Menurutnya, saat memberikan pelayanan medis, ia tidak bekerja seorang diri. Tindakan terhadap pasien dilakukan bersama tenaga kesehatan lainnya sesuai prosedur pelayanan rumah sakit.
Ia menegaskan tidak pernah melakukan tindakan pelecehan terhadap pasien dan menganggap tuduhan yang beredar di media sosial sebagai fitnah. Bahkan, ia menyatakan akan menempuh jalur hukum untuk memulihkan nama baiknya.
“Saya selama berjaga di situ bukan saya saja yang menyentuh pasien. Ada dokter, ada teman saya untuk pemeriksaan. Saya tidak pernah melecehkan siapa pun,” tegas Sulung.

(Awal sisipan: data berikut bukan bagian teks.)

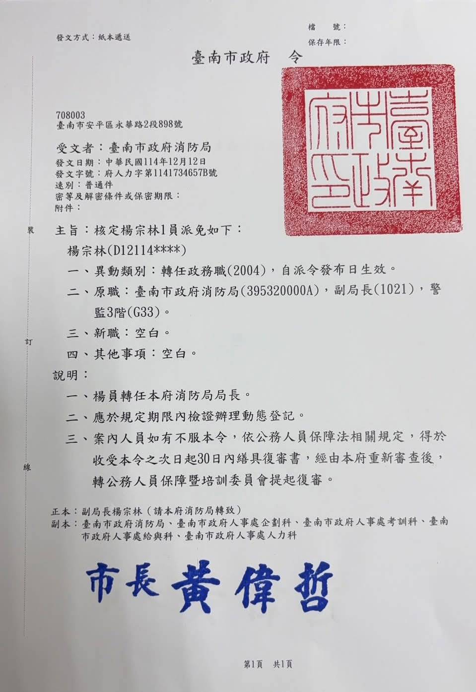 台南市消防局長李明峰今(12)上午突然傳出請辭消息,台南市長黃偉哲一度慰留不成,台南市政府公文核定,由台南市消防局副局長楊宗林接任消防局長一職。 圖片中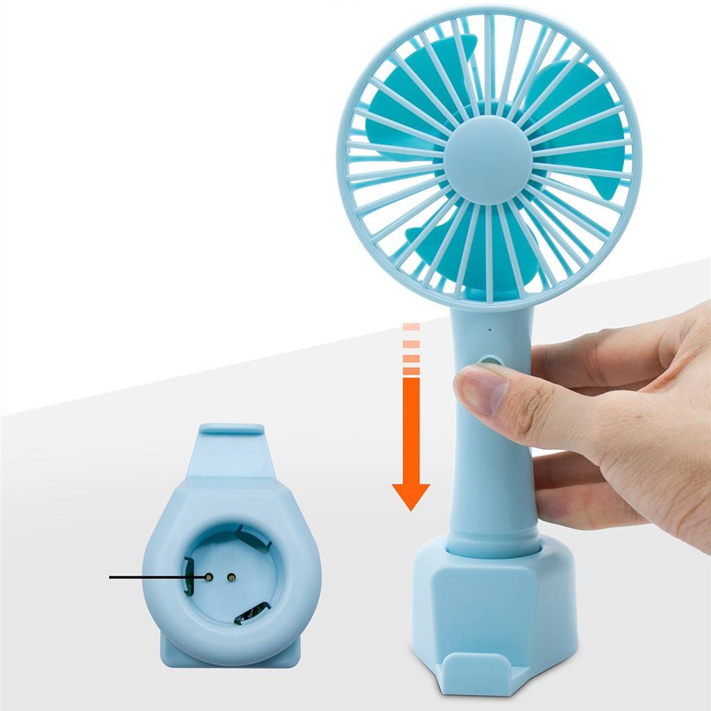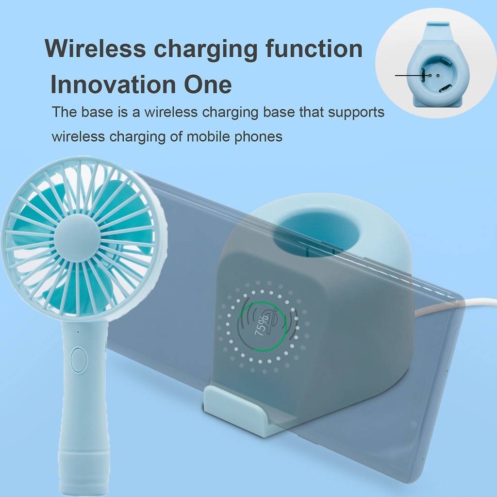 Wireless charging of fan, small hand-held fan inserted into the base for direct charging

Sementara itu, pihak RSUD Martapura juga memberikan klarifikasi terkait viralnya tuduhan tersebut.
Dokter RSUD Martapura, dr. Riko, menjelaskan bahwa berdasarkan kondisi di lapangan, dugaan pelecehan seperti yang dituduhkan dinilai sangat kecil kemungkinan terjadi.
Ia menerangkan, saat waktu yang disebutkan oleh pasien, ruang perawatan dalam kondisi terbuka. Selain terdapat lebih dari dua petugas jaga, di ruangan itu juga ada pasien lain yang didampingi anggota keluarganya sehingga tidak memungkinkan seorang perawat berduaan dengan pasien.
“Ruangan terbuka, petugas yang berjaga lebih dari dua orang. Di sebelahnya juga ada pasien lain beserta keluarganya dan tidak ada sekat. Jadi menurut saya sangat kecil kemungkinan, bahkan tidak mungkin terjadi pelecehan seperti yang dituduhkan,” jelas dr. Riko.
Pihak rumah sakit juga menyampaikan bahwa pasien memiliki riwayat epilepsi dan saat itu mendapatkan obat penenang sebagai bagian dari penanganan medis.
Menurut dr. Riko, salah satu kemungkinan yang masih perlu dikaji adalah adanya efek samping obat yang dapat memicu halusinasi. Meski demikian, hal tersebut bukan merupakan kesimpulan akhir dan proses pembuktian tetap menjadi kewenangan penyidik.
Terpisah, Polda Sumatera Selatan melalui Polres OKU Timur memastikan laporan dugaan tindak pidana kekerasan seksual tersebut telah diterima dan sedang diproses sesuai prosedur hukum. Polisi menyatakan penyidikan dilakukan secara profesional, objektif, serta tetap mengedepankan perlindungan terhadap korban dan asas praduga tak bersalah bagi pihak yang dilaporkan.(*)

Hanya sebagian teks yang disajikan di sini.